Your goal: Would you write out the entries again, exactly as they are, but without images?

[Source records]
****
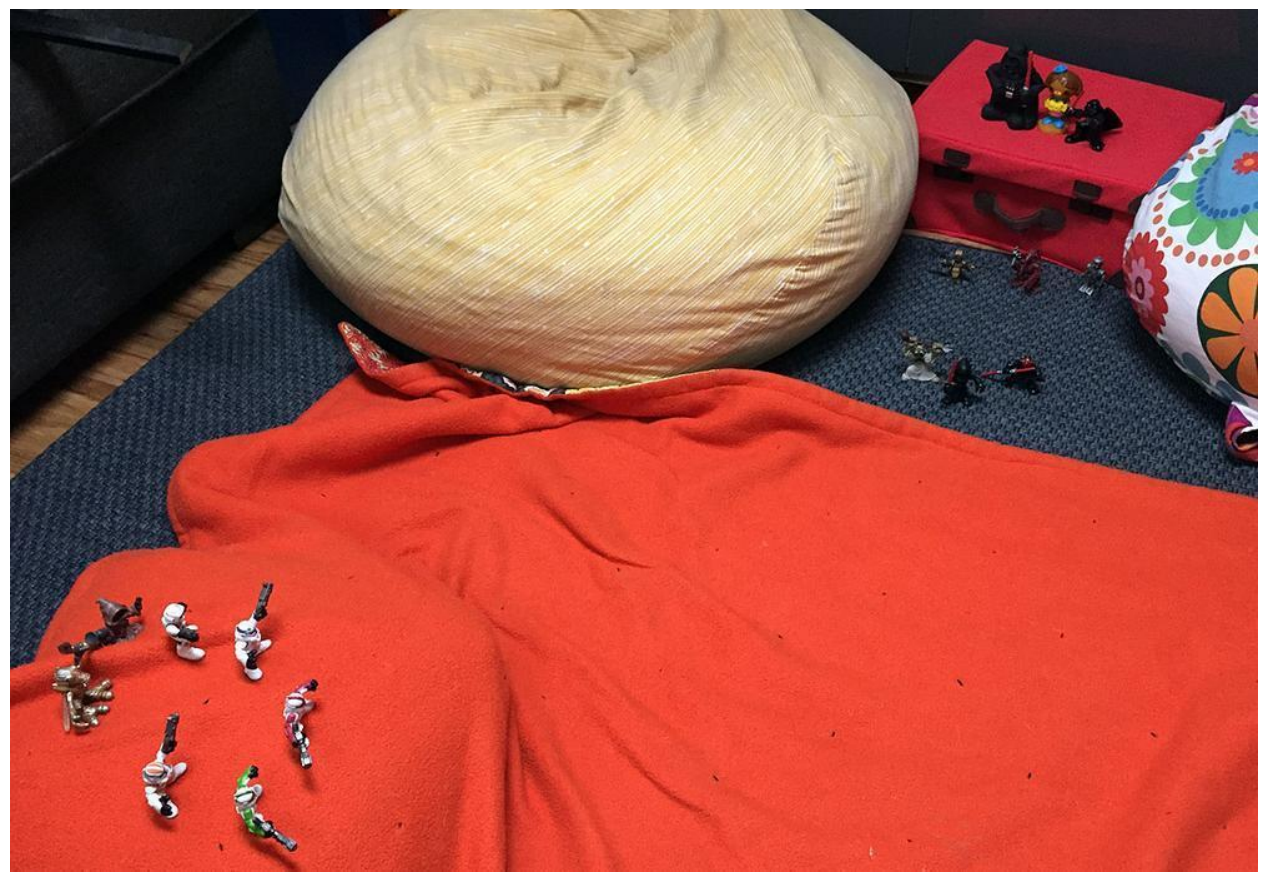
The entire battlefield.

He was having a really good time and we had defeated about half of the bad guys while only losing a couple of troopers after about 15 minutes. He suddenly declared that the Vaders were afraid and they escaped with Dashi–Your princess is in another castle anyone? Considering the tabletop games we usually play only last a few minutes each, this was a record-breaker for sure as far as attention span and fun.
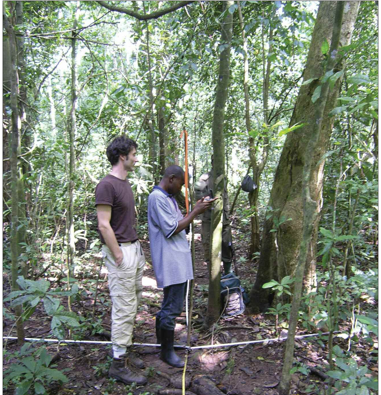
A Woods Hole Research Center (WHRC) scientist, left, shows a Ugandan forest ranger how to measure trees to help calculate how much carbon a forest contains. Measurements from local people are vital in assembling a global satellite view of forest carbon stocks.

These field methods work well on a small scale, but to get a consistent global picture, researchers need a global tool. Satellite data provide this
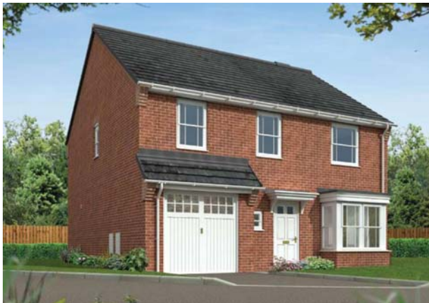
Example House Types
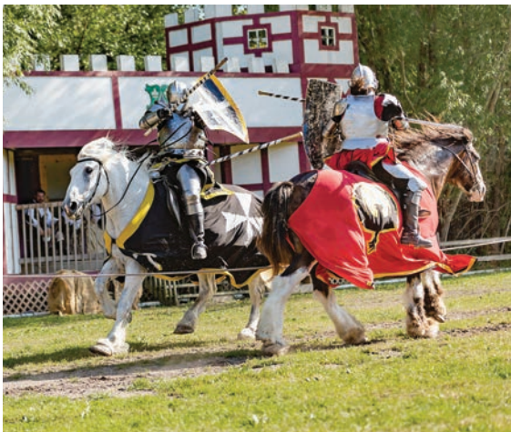
Renaissance Faire at Sleepy Hollow
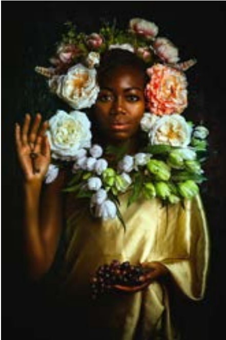
Alanna Aritam, Queen Mary (The Queen) , The Golden Age series, 2017, 32" x 48", photograph (printed on archival luster paper with archival ink, finished with hand-painted varnish to seal, protect, and add texture to complement painterly effect of the photograph)
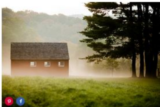
The grounds still retain their heritage as farmland.
****
Response for this exercise:
The entire battlefield.

He was having a really good time and we had defeated about half of the bad guys while only losing a couple of troopers after about 15 minutes. He suddenly declared that the Vaders were afraid and they escaped with Dashi–Your princess is in another castle anyone? Considering the tabletop games we usually play only last a few minutes each, this was a record-breaker for sure as far as attention span and fun.
A Woods Hole Research Center (WHRC) scientist, left, shows a Ugandan forest ranger how to measure trees to help calculate how much carbon a forest contains. Measurements from local people are vital in assembling a global satellite view of forest carbon stocks.

These field methods work well on a small scale, but to get a consistent global picture, researchers need a global tool. Satellite data provide this
Example House Types
Renaissance Faire at Sleepy Hollow
Alanna Aritam, Queen Mary (The Queen) , The Golden Age series, 2017, 32" x 48", photograph (printed on archival luster paper with archival ink, finished with hand-painted varnish to seal, protect, and add texture to complement painterly effect of the photograph)
The grounds still retain their heritage as farmland.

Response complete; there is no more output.